### What you are asked to do
The entries below should be given again exactly, minus their pictures.

### Material provided
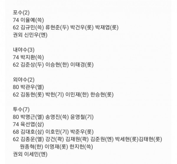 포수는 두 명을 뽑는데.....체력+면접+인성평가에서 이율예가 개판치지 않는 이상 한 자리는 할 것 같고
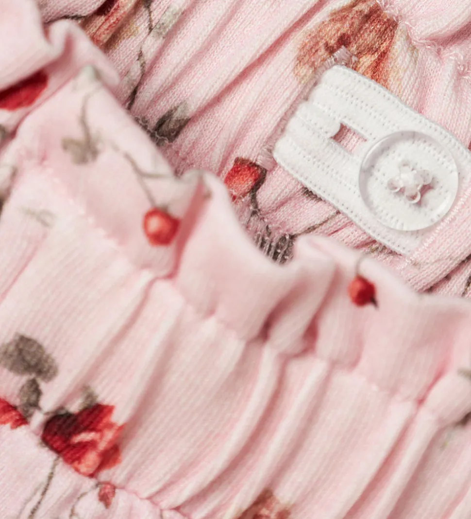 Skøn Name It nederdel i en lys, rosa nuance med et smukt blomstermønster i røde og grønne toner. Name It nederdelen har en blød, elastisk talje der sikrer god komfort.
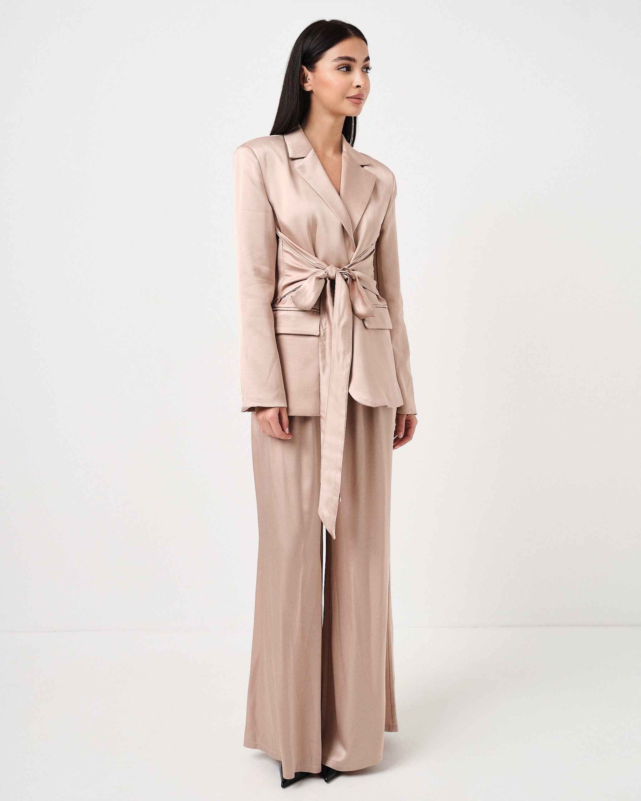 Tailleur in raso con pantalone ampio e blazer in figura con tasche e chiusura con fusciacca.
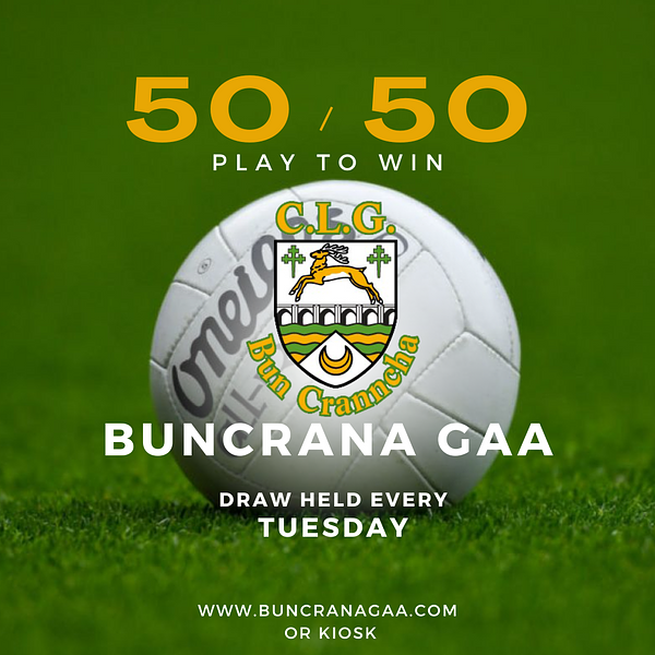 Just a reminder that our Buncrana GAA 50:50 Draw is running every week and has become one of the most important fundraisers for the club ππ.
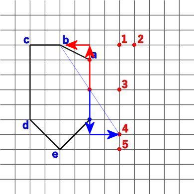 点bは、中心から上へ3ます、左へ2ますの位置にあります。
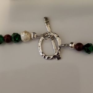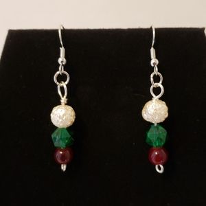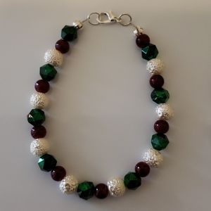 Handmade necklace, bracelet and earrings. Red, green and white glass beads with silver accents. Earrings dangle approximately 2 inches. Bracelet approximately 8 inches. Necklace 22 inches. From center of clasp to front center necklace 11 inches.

### Response to the exercise
 포수는 두 명을 뽑는데.....체력+면접+인성평가에서 이율예가 개판치지 않는 이상 한 자리는 할 것 같고
 Skøn Name It nederdel i en lys, rosa nuance med et smukt blomstermønster i røde og grønne toner. Name It nederdelen har en blød, elastisk talje der sikrer god komfort.
 Tailleur in raso con pantalone ampio e blazer in figura con tasche e chiusura con fusciacca.
 Just a reminder that our Buncrana GAA 50:50 Draw is running every week and has become one of the most important fundraisers for the club ππ.
 点bは、中心から上へ3ます、左へ2ますの位置にあります。
 Handmade necklace, bracelet and earrings. Red, green and white glass beads with silver accents. Earrings dangle approximately 2 inches. Bracelet approximately 8 inches. Necklace 22 inches. From center of clasp to front center necklace 11 inches.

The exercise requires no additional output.